* **Problem to solve**: Copy each line below as it stands, but skip any picture it contains.

* **Dataset excerpt**:
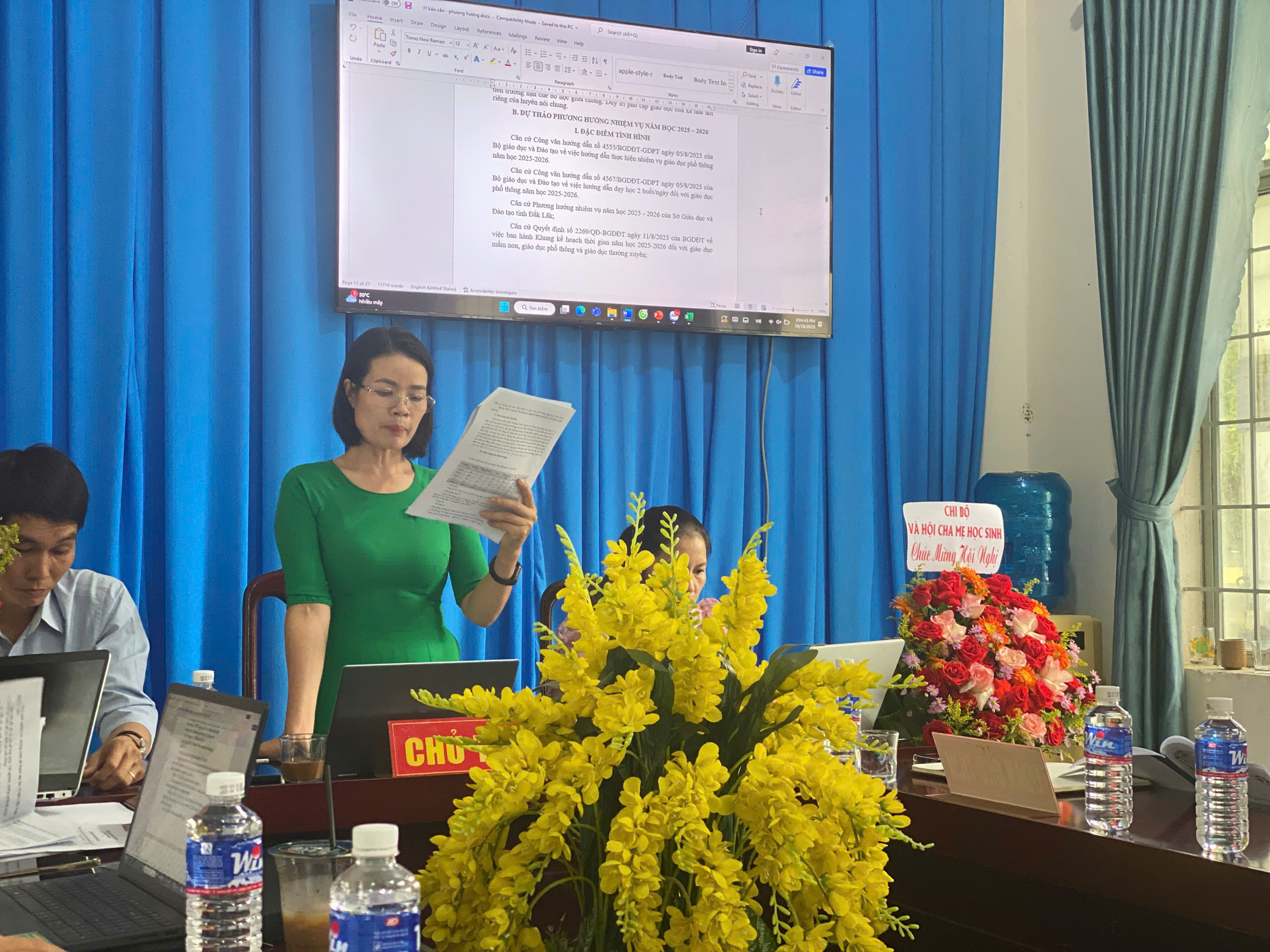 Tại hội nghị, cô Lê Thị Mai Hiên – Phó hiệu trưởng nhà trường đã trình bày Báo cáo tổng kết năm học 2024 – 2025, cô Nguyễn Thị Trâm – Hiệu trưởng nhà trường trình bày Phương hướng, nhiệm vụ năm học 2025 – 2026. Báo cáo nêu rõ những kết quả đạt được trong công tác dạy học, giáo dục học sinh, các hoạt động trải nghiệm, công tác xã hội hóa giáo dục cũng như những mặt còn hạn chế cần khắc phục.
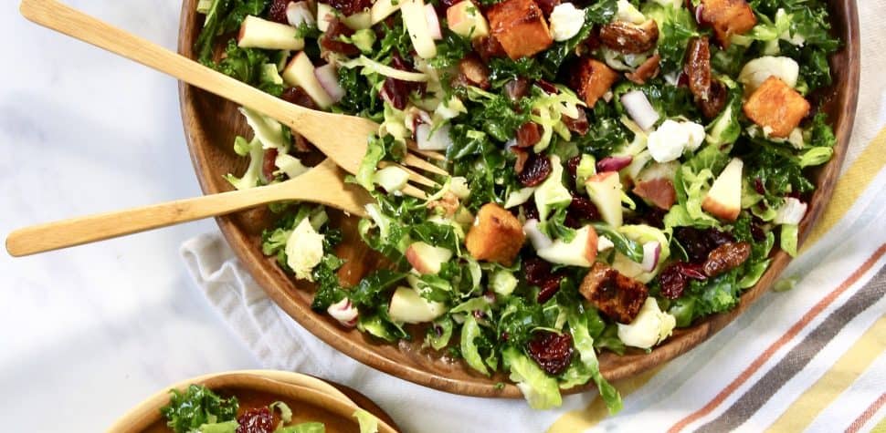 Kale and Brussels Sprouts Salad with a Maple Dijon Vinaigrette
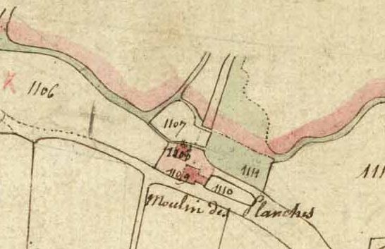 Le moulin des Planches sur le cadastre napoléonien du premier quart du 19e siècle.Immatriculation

* **Output for this exercise**:
 Tại hội nghị, cô Lê Thị Mai Hiên – Phó hiệu trưởng nhà trường đã trình bày Báo cáo tổng kết năm học 2024 – 2025, cô Nguyễn Thị Trâm – Hiệu trưởng nhà trường trình bày Phương hướng, nhiệm vụ năm học 2025 – 2026. Báo cáo nêu rõ những kết quả đạt được trong công tác dạy học, giáo dục học sinh, các hoạt động trải nghiệm, công tác xã hội hóa giáo dục cũng như những mặt còn hạn chế cần khắc phục.
 Kale and Brussels Sprouts Salad with a Maple Dijon Vinaigrette
 Le moulin des Planches sur le cadastre napoléonien du premier quart du 19e siècle.Immatriculation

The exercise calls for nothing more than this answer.